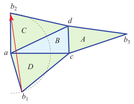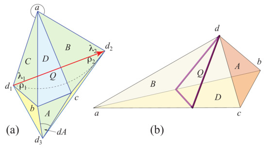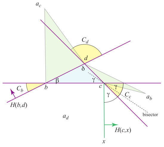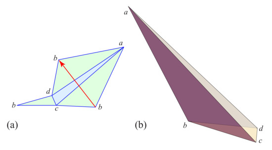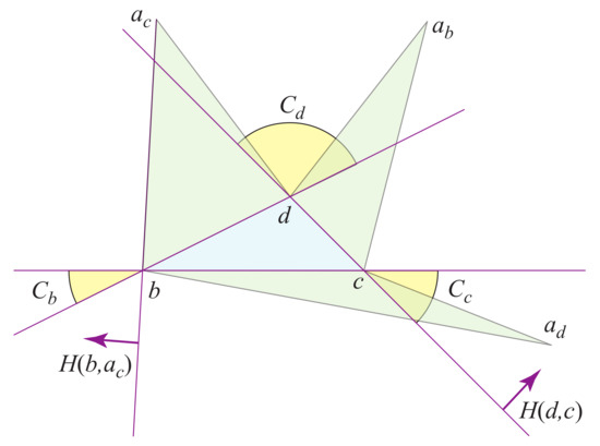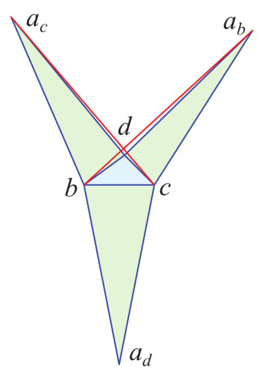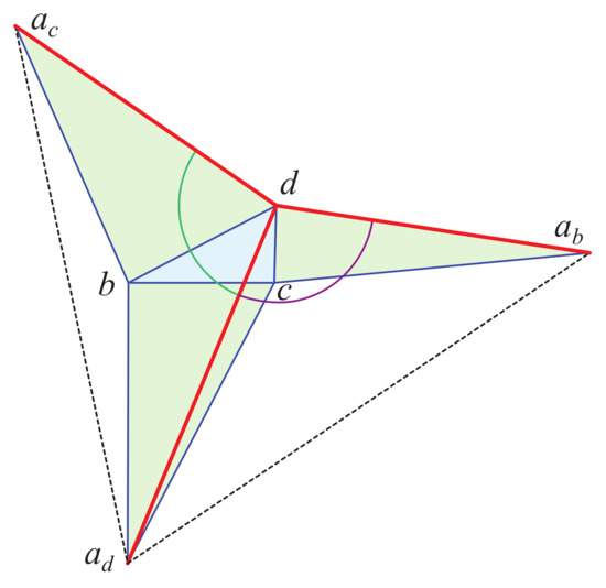 Refer to Figure 2. Here we use the second form of Gauss–Bonnet. Let Q be a 1-vertex quasigeodesic through vertex d, with a and b strictly to Q’s left, and c strictly to Q’s right. Since , Q must have no turn, , to its left at d, and turn to its right at d. Having no turn to its left means the total angle of is to the left of Q at d. Turning to the right means that Q turns around completely, folding back on itself, which then forces Q to contain vertex c. Thus, c does not lie strictly to Q’s right: Q is a 2-vertex quasigeodesic, not a 1-vertex quasigeodesic. □
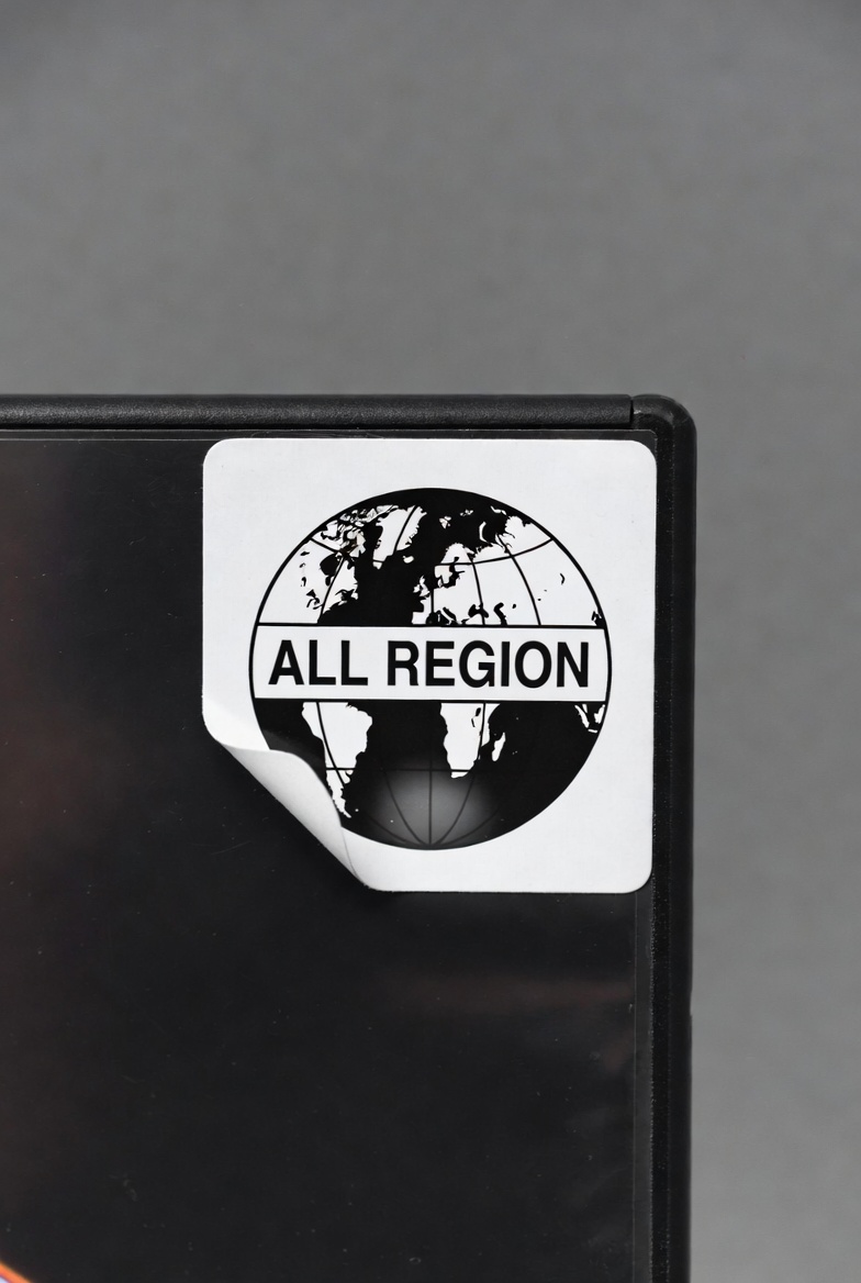 DVD case, DVD sticker, black white, circular sticker, compatibility label, globe, international DVD, peeling sticker, region free, video disc, world map, all region
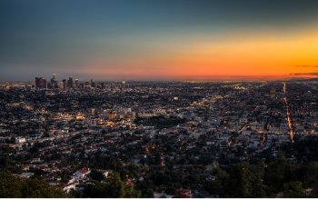 Description: A cityscape with a sunset in the background and a city in the foreground with a sky line.
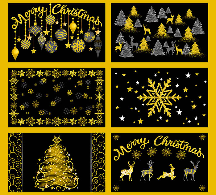 Panel blocks contain various festive Christmas scenes and motifs including ornaments, reindeer, evergreens, snowflakes, and shimmering stars. 36" panel, panel has six frames about 17-3/4" x 11", with gold metallic, from the 'Merry Christmas' collection by Timeless Treasures.
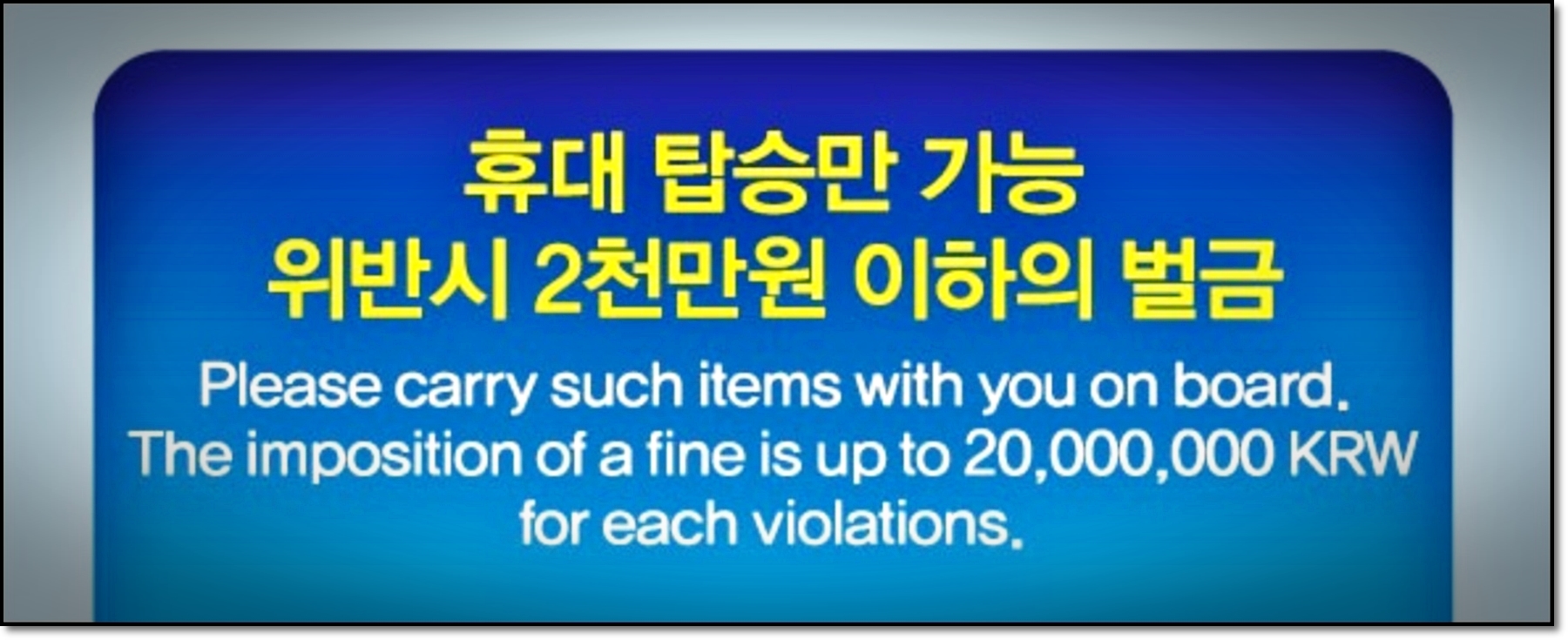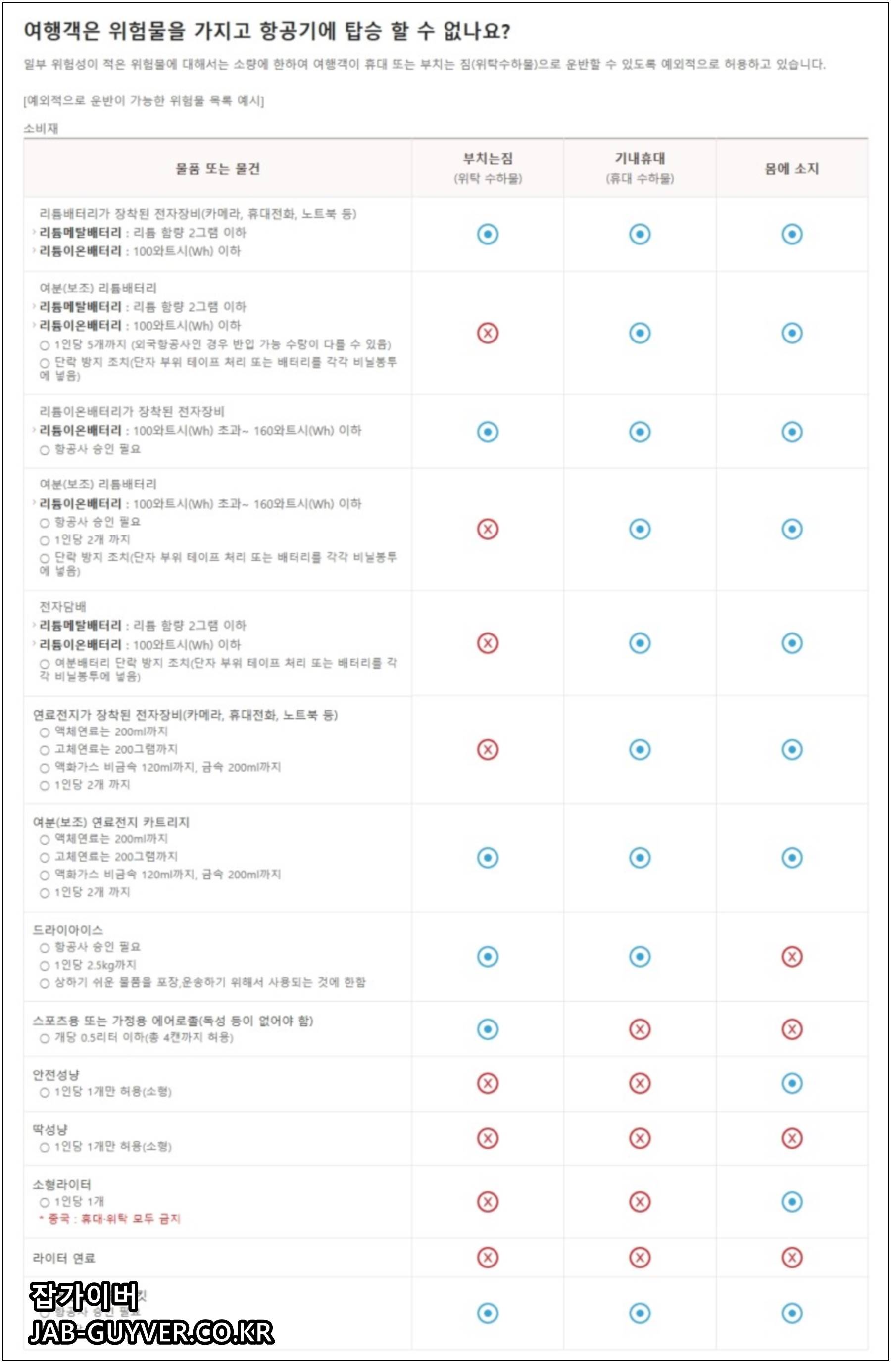 즉 수화물로는 가지고 갈 수 없으며 기내용으로 가지고 타면 상관은 없습니다.

────────────────

_THE TASK_
All lines above starting at the one with "DVD case, DVD" and ending at the one with "Description: A cityscape", inclusive, are to be printed again exactly, with the pictures left out.

_EXERCISE RESULT_
 DVD case, DVD sticker, black white, circular sticker, compatibility label, globe, international DVD, peeling sticker, region free, video disc, world map, all region
 Description: A cityscape with a sunset in the background and a city in the foreground with a sky line.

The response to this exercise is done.